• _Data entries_
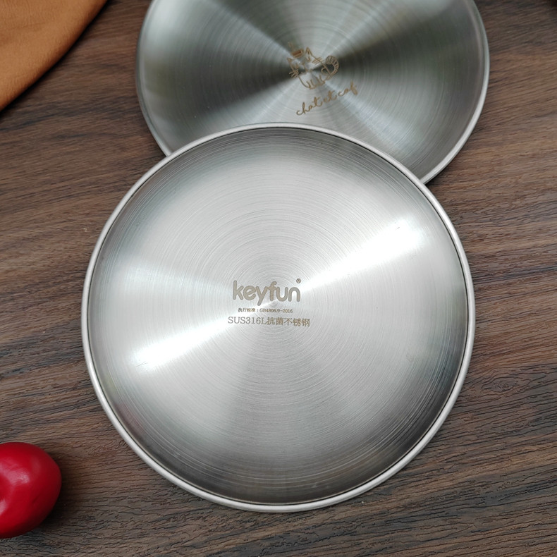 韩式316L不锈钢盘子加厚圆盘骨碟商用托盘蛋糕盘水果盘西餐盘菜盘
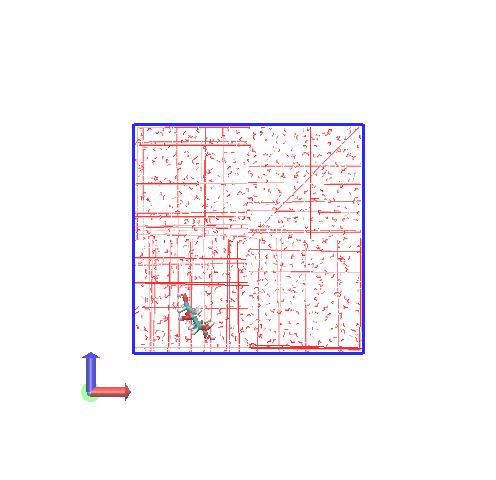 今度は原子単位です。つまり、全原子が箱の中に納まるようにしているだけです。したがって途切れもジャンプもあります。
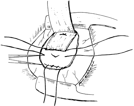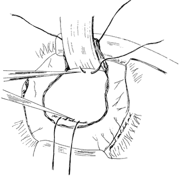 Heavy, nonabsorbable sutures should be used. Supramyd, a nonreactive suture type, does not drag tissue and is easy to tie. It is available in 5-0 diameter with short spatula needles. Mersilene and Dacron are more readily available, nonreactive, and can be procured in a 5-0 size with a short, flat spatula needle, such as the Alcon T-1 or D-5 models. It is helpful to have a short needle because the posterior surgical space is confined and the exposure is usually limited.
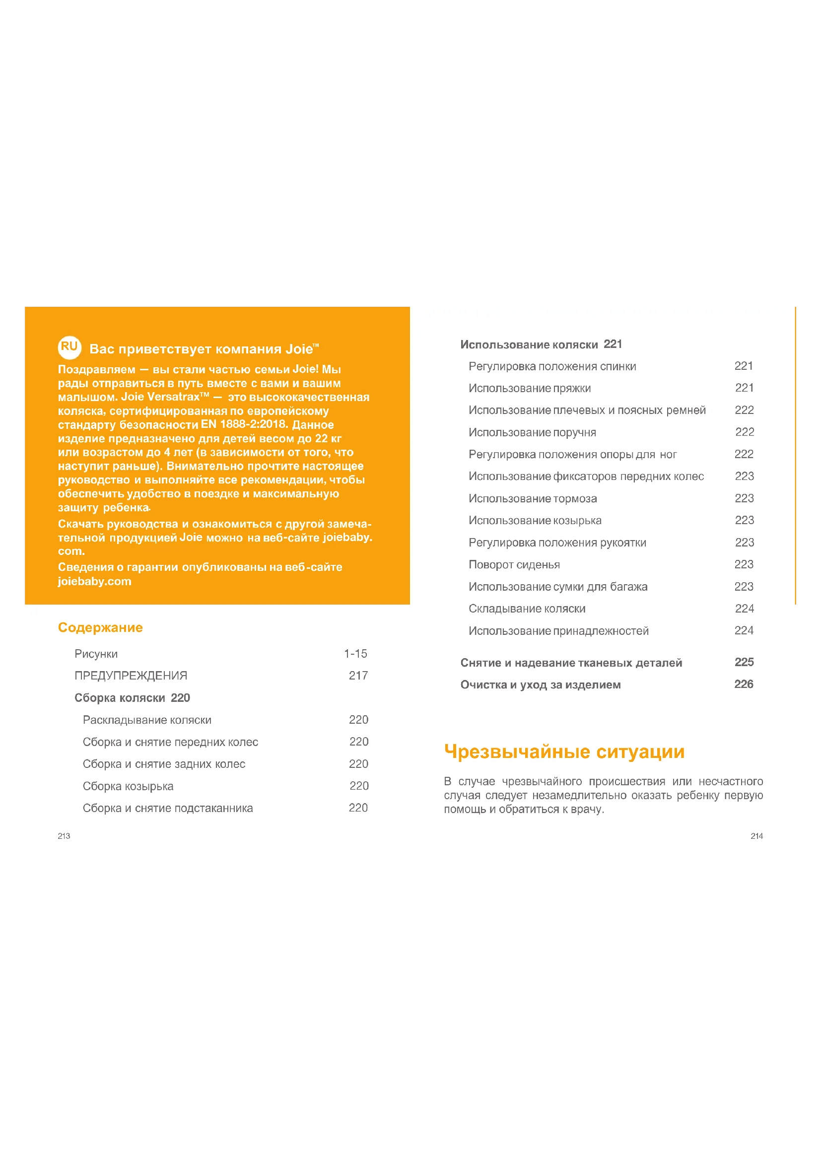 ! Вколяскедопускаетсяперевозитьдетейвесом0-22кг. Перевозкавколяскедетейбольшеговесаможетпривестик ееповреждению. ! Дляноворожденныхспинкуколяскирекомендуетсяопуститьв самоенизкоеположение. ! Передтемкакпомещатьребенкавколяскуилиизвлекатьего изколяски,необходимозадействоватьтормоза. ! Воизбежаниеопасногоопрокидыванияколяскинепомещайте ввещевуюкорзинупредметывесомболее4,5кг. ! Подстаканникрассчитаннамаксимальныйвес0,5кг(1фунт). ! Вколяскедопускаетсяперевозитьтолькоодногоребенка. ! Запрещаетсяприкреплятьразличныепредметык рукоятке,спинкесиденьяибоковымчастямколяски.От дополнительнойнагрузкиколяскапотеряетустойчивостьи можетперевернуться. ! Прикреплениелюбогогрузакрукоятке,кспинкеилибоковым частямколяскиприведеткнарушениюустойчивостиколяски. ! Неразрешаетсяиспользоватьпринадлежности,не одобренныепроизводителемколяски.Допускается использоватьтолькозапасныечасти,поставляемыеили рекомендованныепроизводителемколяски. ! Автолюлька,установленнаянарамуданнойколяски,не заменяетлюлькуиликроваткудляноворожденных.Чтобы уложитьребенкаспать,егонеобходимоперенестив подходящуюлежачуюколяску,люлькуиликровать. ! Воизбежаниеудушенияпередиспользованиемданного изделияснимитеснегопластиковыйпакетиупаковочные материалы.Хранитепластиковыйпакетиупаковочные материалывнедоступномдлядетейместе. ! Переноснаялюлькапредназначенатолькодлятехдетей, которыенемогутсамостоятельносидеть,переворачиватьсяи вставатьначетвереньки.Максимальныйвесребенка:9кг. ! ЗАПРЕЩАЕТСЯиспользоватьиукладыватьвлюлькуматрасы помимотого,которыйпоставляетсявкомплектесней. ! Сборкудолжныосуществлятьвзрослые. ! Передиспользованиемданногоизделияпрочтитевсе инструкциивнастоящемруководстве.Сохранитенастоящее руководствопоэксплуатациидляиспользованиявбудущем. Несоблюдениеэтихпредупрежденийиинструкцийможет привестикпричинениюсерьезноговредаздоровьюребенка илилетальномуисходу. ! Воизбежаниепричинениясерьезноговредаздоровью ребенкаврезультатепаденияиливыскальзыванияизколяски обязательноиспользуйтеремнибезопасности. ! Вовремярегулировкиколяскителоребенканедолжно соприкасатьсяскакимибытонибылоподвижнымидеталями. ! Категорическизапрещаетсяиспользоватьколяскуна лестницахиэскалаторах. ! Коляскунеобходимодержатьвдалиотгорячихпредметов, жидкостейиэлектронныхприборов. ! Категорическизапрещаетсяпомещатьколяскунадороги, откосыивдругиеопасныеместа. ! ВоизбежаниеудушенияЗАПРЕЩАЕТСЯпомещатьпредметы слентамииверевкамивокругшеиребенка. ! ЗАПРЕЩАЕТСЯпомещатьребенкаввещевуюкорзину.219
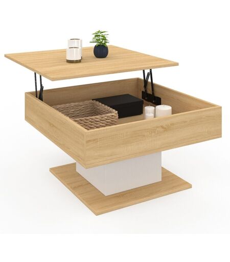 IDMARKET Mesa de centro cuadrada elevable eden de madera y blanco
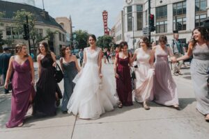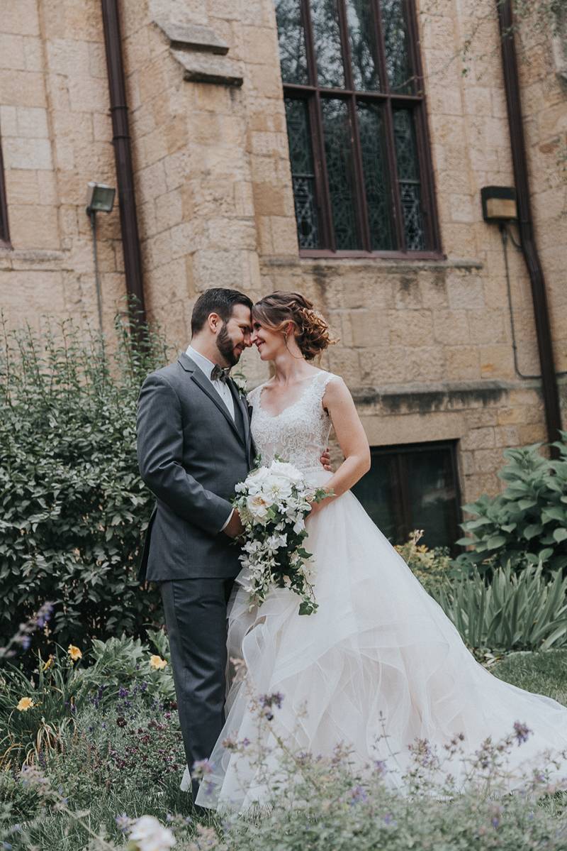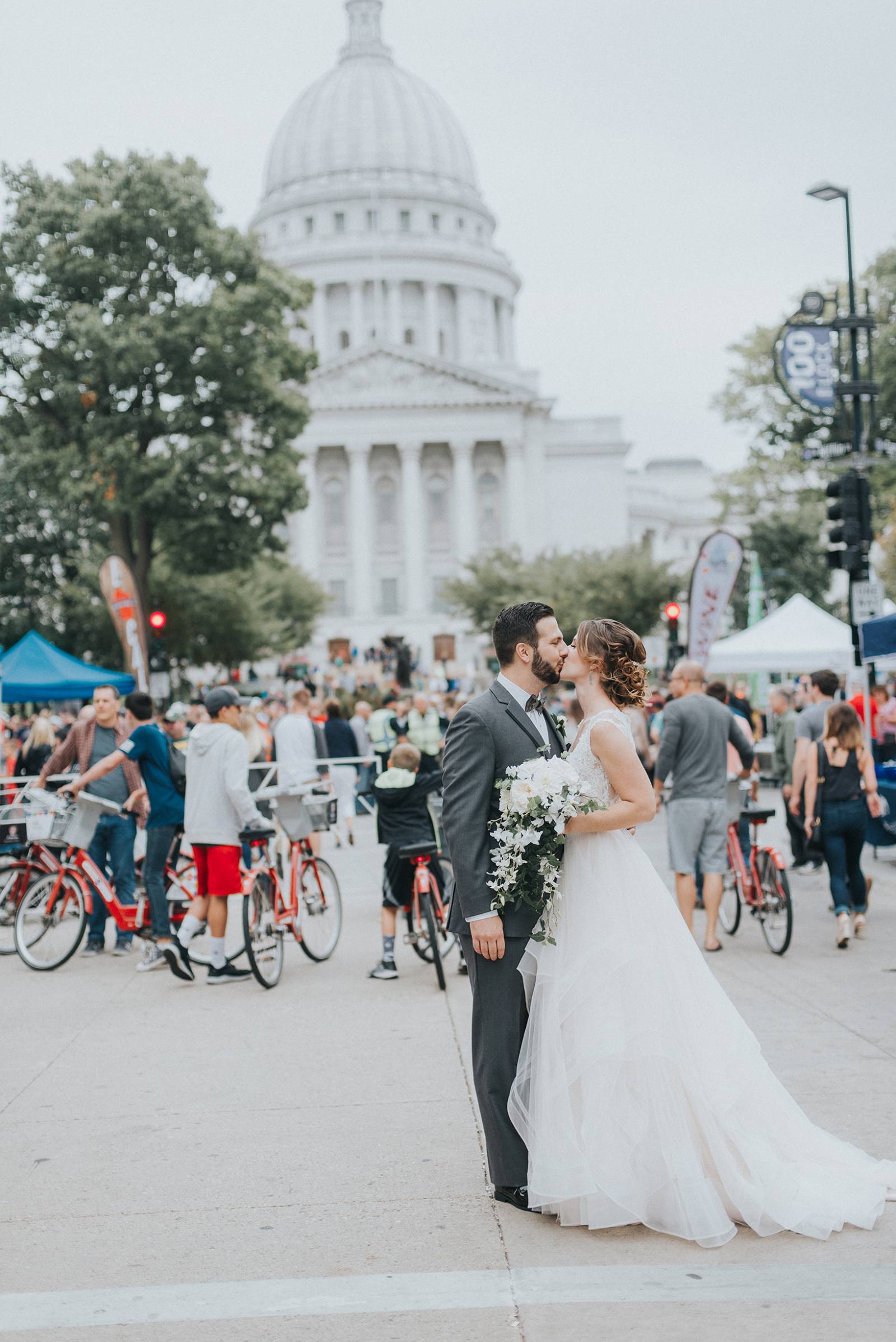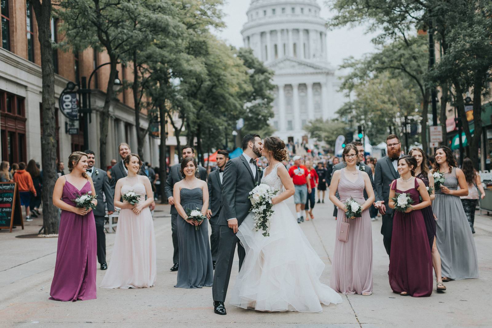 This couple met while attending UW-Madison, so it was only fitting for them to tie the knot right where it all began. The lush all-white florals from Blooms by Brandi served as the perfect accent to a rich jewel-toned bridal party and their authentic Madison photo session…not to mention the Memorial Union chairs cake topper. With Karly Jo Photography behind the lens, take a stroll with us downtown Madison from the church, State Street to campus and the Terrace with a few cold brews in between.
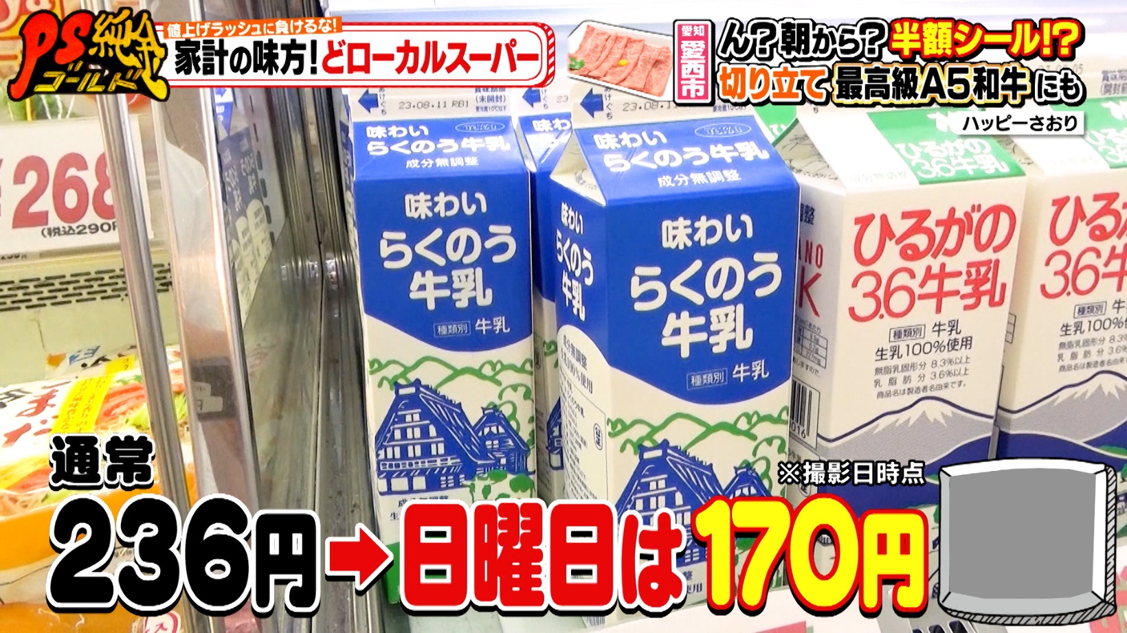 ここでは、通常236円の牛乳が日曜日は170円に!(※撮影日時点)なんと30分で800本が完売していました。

• _Exercise instructions_
With pictures removed, write out exactly each line of the entries from the first through the line that holds "Heavy, nonabsorbable sutures".

• _Answer section_
 韩式316L不锈钢盘子加厚圆盘骨碟商用托盘蛋糕盘水果盘西餐盘菜盘
 今度は原子単位です。つまり、全原子が箱の中に納まるようにしているだけです。したがって途切れもジャンプもあります。
 Heavy, nonabsorbable sutures should be used. Supramyd, a nonreactive suture type, does not drag tissue and is easy to tie. It is available in 5-0 diameter with short spatula needles. Mersilene and Dacron are more readily available, nonreactive, and can be procured in a 5-0 size with a short, flat spatula needle, such as the Alcon T-1 or D-5 models. It is helpful to have a short needle because the posterior surgical space is confined and the exposure is usually limited.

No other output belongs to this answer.